[REQUIREMENT]:
Quote the material exactly from the line that contains "First, electrical stimulation" through its last line. Any pictures are to be left out.

[INFORMATION SUPPLIED]:
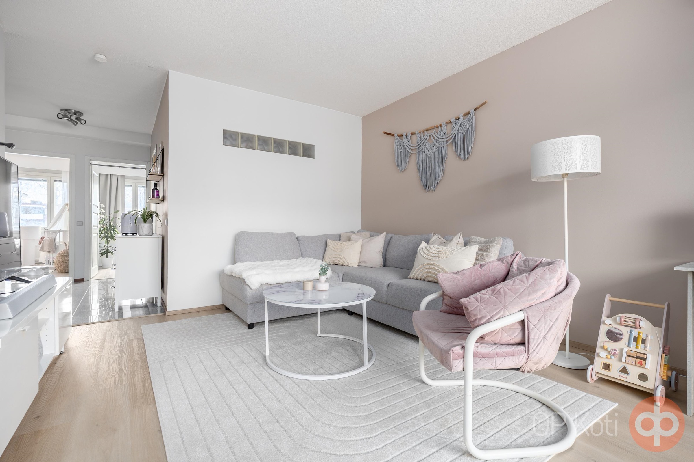 Pohjaratkaisu on selkeä ja käytännöllinen. Eteisessä sijaitseva vaatehuone tarjoaa erinomaista säilytystilaa, ja kaksi makuuhuonetta palvelevat hyvin niin perheen kuin etätyönkin tarpeita. Lasitettu parveke ja oma sauna tuovat asumiseen ripauksen arjen luksusta.
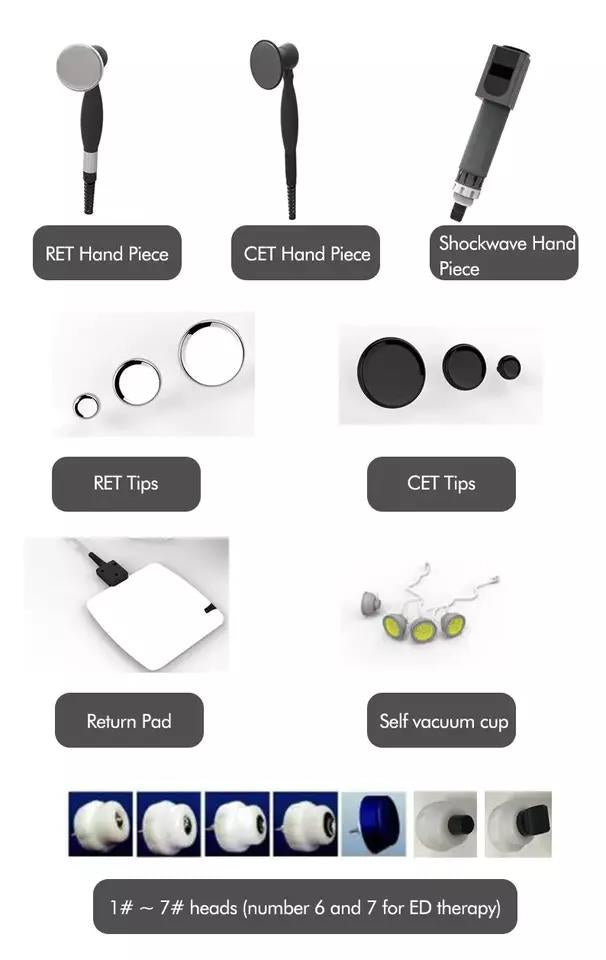 First, electrical stimulation can be used to relax and stimulate muscle and surface muscles, and then shock wave therapy can be used to hit tendons and deep muscles at a deeper level, and Tecar therapy with 448Khz and 300W can be used to repair the treatment site. You can adjust according to the actual treatment.
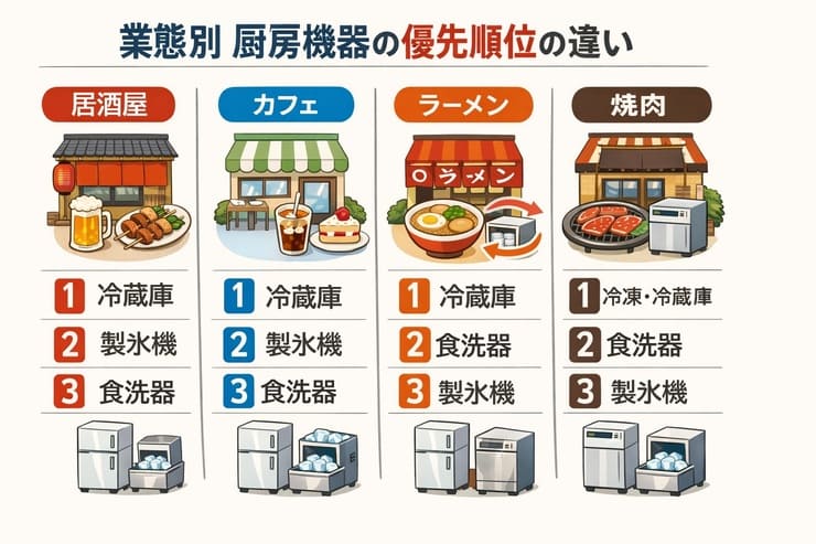 業態ごとに「売上の作り方」と「止まるポイント」が異なるため、必要な設備の順番も変わります。

[SOLUTION FOR THIS TASK]:
 First, electrical stimulation can be used to relax and stimulate muscle and surface muscles, and then shock wave therapy can be used to hit tendons and deep muscles at a deeper level, and Tecar therapy with 448Khz and 300W can be used to repair the treatment site. You can adjust according to the actual treatment.
 業態ごとに「売上の作り方」と「止まるポイント」が異なるため、必要な設備の順番も変わります。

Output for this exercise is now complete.